Formatting the datetimes into the strings you want is easy; just use the format specifications in ?strptime.
data.frame(Day=format(p, "%a"), Date=format(p, "%d/%m/%Y"),
Time=format(p, "%I:%M:%S%p"), stringsAsFactors=FALSE)
This was a tough one. R doesn't have the best support for string and date/time functions. But I was able to get it to work with some hacks:
str <- '1:9:Tue Aug 12 2014 19:25:24 GMT+0530 (IST)';
fieldsBad <- strsplit(str,':')[[1]];
fields <- c(fieldsBad[1:2],paste0(fieldsBad[3:length(fieldsBad)],collapse=':'));
dt <- strptime(fields[3],'%a %b %d %Y %H:%M:%S');
df <- data.frame();
df[1,'Day'] <- strftime(dt,'%a');
df[1,'Date'] <- strftime(dt,'%d/%m/%Y');
df[1,'Time'] <- gsub('^0','',strftime(dt,'%I:%M:%S%p'));
df;
Shows:
Day Date Time
1 Tue 12/08/2014 7:25:24PM
Explanation of hacks:
Unfortunately, the strsplit() function does not allow specifying a maximum number of fields to produce, unlike (for example) http://perldoc.perl.org/functions/split.html in Perl, which has a LIMIT argument, which would be perfect here. So I had to sort of "over-split" and then paste the extra fields back together again on colon with paste0().
Also, the strptime() call ignores the time zone information, although fortunately still parses all it can from the input string. I tried passing the time zone information explicitly to the tz= argument, but it wouldn't recognize IST or GMT+0530 or anything I tried. But since you don't seem to require the time zone, we're ok.
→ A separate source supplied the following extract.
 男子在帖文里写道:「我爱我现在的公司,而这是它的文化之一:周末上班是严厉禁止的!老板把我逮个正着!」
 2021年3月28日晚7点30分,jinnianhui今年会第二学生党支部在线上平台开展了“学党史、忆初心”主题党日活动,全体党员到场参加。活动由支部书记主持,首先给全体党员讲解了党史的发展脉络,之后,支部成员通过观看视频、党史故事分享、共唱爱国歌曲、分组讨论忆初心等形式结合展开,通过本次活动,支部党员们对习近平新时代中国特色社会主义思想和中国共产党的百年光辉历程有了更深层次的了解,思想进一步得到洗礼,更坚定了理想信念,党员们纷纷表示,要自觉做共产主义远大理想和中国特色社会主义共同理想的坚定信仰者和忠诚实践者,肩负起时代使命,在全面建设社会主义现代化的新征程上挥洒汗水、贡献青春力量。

Finally, no format specifier for strftime() seems to allow specifying the 12-hour time without a leading zero, so I had to use %I and call gsub() to strip it off, if present.
library(lubridate)
library(stringr)
d <- "1:9:Tue Aug 12 2014 19:25:24 GMT+0530 (IST)"
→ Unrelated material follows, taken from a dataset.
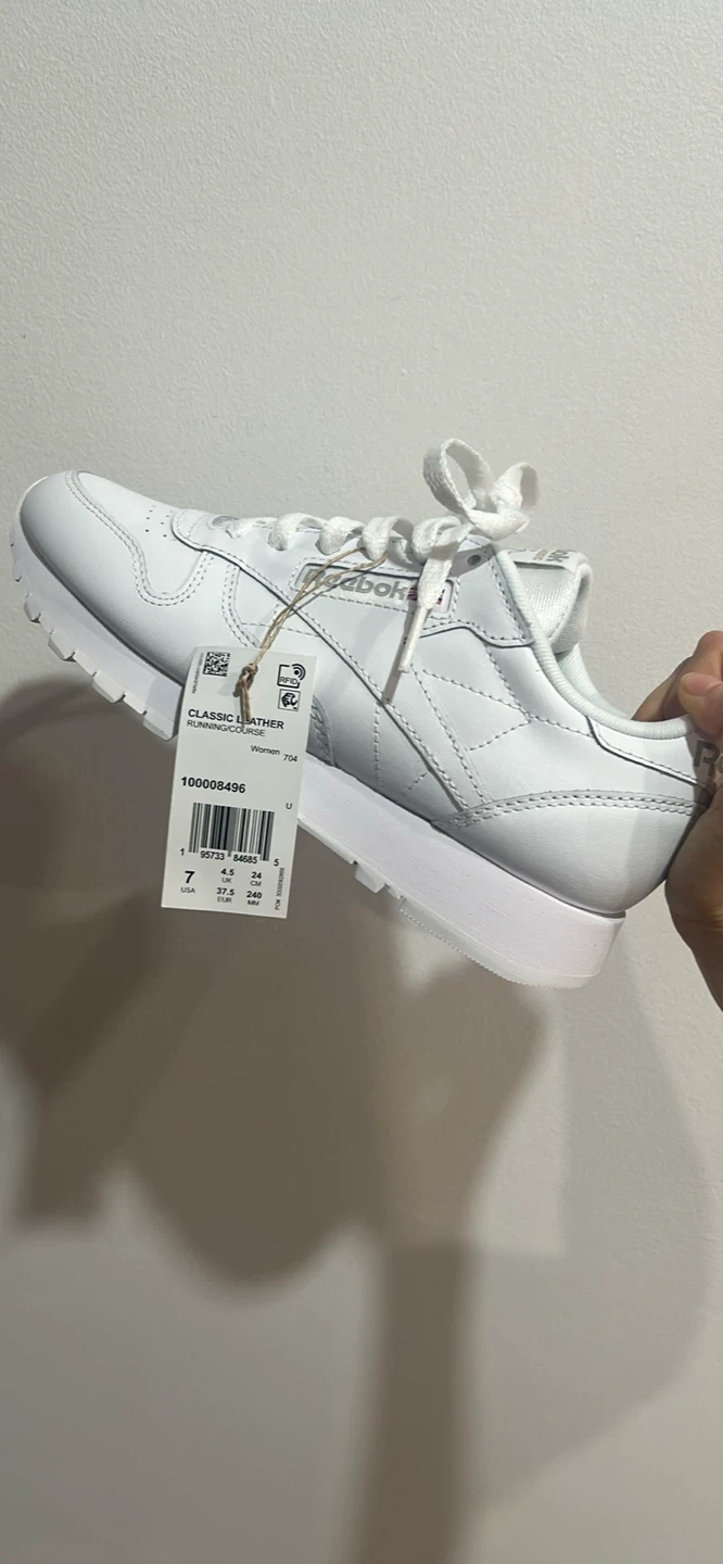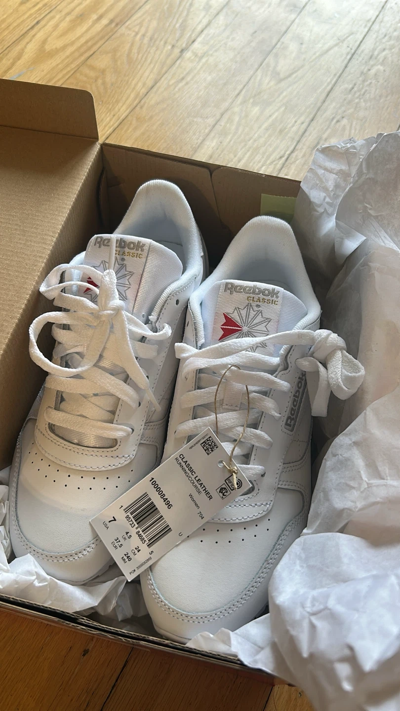 These are white Reebok Classic Leather running shoes for women. They're a size 7 USA and made of leather. Includes original box and tags.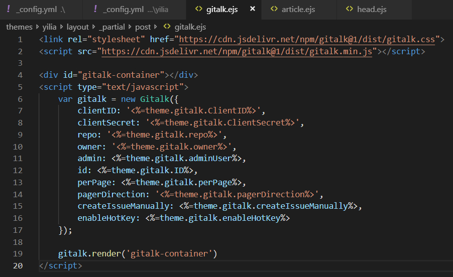 2.在主题的layout\_partial\post 里面创建了一个gitalk.ejs文件:

d <- gsub("^[[:alnum:]:]+ ", "", d)
tz <- gsub("[ +-]", "", str_extract(d, " ([[:upper:]]+)[+-]"))
strptime(d, "%b %d %Y %H:%M:%S", tz=tz)
## [1] "Aug 12 2014 19:25:24 GMT+0530 (IST)"
You'll prbly need to mapply that in a data frame context since strptime takes an atomic vector for tz. So, do something like:
dat$parsed <- mapply(as.POSIXct,
gsub("^[[:alnum:]:]+ ", "", dat$date),
format="%b %d %Y %H:%M:%S",
tz=gsub("[ +-]", "", str_extract(dat$date, " ([[:upper:]]+)[+-]")))
(that'll make dat$parsed numeric, but that's what POSIXct converts it to, so it's easy to work with)
I realy don't know how to do it in R, but if you get this string from js, you can do something like this:
var date = new Date('Tue Aug 12 2014 19:25:24 GMT+0530 (IST)');
console.log(date.getTime());
console.log(date.getTimezoneOffset());
get time method will return unix timestamp in ms, and getTimezoneOffset will return timezone offset in minutes. Then, you can parse it using date funcions in R. I hope, it is implemented there.